В дверь ударили с такой силой, что и меня и Надежду отшвырнуло в центр кабинета. Я упал, но успел вовремя придержать пролетающего мимо адвоката.
Первой в кабинет ворвалась Светлана Шарковская. Повелительным жестом она остановила напирающую сзади толпу и внимательно, словно прибывший на место убийства прокурор, осмотрела кабинет. Очевидно, в искренности моей драки с адвокатом Светлану убедил женский сапожок в углу.
Надежда рыдала так, как только может рыдать женщина на похоронах своего мужа, ясно сознавая, что ее больше никогда не возьмут замуж. Адвокату помогли встать. Заботливо придерживая за подрагивающие плечи, молодую женщину вывели из кабинета. Светлана проводила сестру долгим, внимательным взглядом.
— Вообще-то, на женщину нельзя поднимать руку, — сказала мне Светлана. — Даже в том случае, если она этого заслужила.
— Мне надоели женщины, — я встал с пола и попытался привести в порядок одежду. — Я никого больше не хочу видеть и особенно женщин. Пожалуйста, одолжи мне тихую обитель в виде камеры.
Светлана пожала плечами.
— А кто тебе возражает?
Я вышел из кабинета и устало поплелся по коридору.

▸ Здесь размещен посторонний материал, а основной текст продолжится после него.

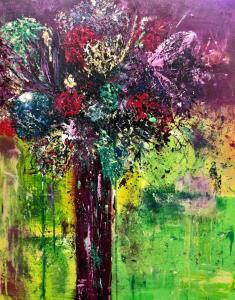 So much life can be found in a simple flower and an arrangement of flowers opens up a plethora of possibility in terms of connecting to life through the beauty of nature’s gifts. The bounty of the blessing is emphasized by the tall cylindrical vase in deep purple against the vibrant green background. The two colors in combination speak to my heart and soul of life’s richness in both the deeper, more profound and sometimes somber moments as well as the light, bright and happy laughter of the lime green with the form of a dancing angel in the background.

Не задавая никаких вопросов, передо мной распахнули пару решетчатых дверей. Такое предупредительное отношение к заключенному возможно только в том случае, если он уже приговорен к смертной казни. Это открытие совсем не улучшило моего настроения.
Свернув за угол, я нос к носу столкнулся с толстомордым прапорщиком. Это был тот самый любитель сладкого, который пообещал мне вчера нелегкий допрос. Я нехорошо улыбнулся и грубо толкнул его плечом. Прапорщик извинился и, отступив в сторону, исчез за дверью туалета. Мое настроение испортилось окончательно.

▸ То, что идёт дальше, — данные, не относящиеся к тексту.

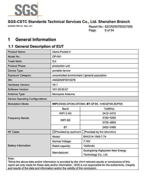 FCC 數據庫明確標注了 Osmo Pocket 4 的電池參數。文件顯示,該機搭載了一塊額定容量為 1545 mAh 的電池,電壓維持在 7.7 V。與前代產品 Osmo Pocket 3 內置的 1300 mAh 電池相比,這一基礎物理容量的提升幅度已達到 18%。

Я нашел уже знакомую камеру номер тринадцать и с силой захлопнул за собой дверь. Потом упал на нары и замер.
Минут через час в дверь вежливо постучали. Я буркнул, что дверь не заперта и отвернулся к стене. В камеру кто-то вошел.

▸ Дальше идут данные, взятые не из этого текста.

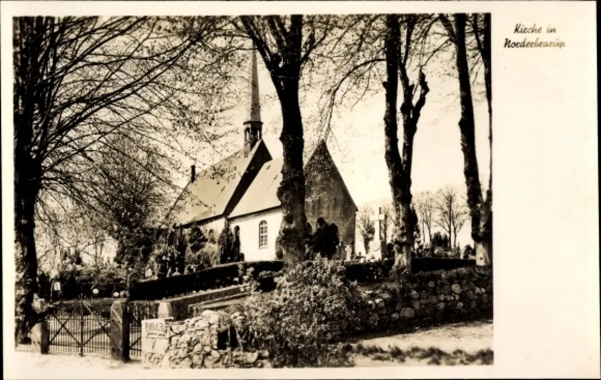 Ak Norderbrarup, Teilansicht der Kirche mit Friedhof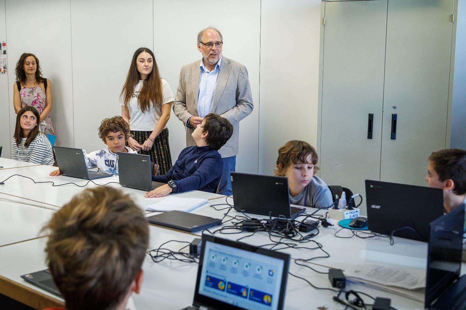 El consejero de Participación Ciudadana y Régimen Interior del Ayuntamiento de Zaragoza, Alfonso Mendoza, y la coordinadora de programas en la Fundación Cibervoluntarios, Alba Soler, han visitado hoy en el Centro Cívico Delicias una de las actividades de Campamento Digital, una iniciativa de formación presencial y gratuita para niños, niñas y jóvenes de 9 a 17 años en las que crean, juegan y se divierten mientras aprenden a hacer un uso seguro y responsable de la tecnología, guiados por educadores especializados.

— Привет, — сказал незнакомец. — Опять у нас гостишь?
Я промолчал. Рядом со мной на нары упала подушка.
— Одеяло нужно?
Я оглянулся. Это был тот самый вежливый милиционер, который провожал меня к выходу после появления газетной статьи. Не сказав ни слова, я снова отвернулся к стене.
— Как хочешь, — спокойно сказал милиционер. — Кстати, если чего нужно будет — я в коридоре.
Дверь захлопнулась.
Я попытался уснуть, но вскоре понял, что при моем теперешнем душевном состоянии мне будет значительно легче совершить побег, нежели увидеть простой и умиротворяющий сон. Я вздохнул, перевернулся на спину и открыл глаза. Я так и пролежал на нарах до глубокой ночи, тупо разглядывая потолок и комкая в груди обиду на Раю.
Раньше я никогда не пытался понять женщин и всегда принимал их такими, какие они есть или хотели бы казаться. Им льстило такое отношение, а мне создавало имидж сильного человека.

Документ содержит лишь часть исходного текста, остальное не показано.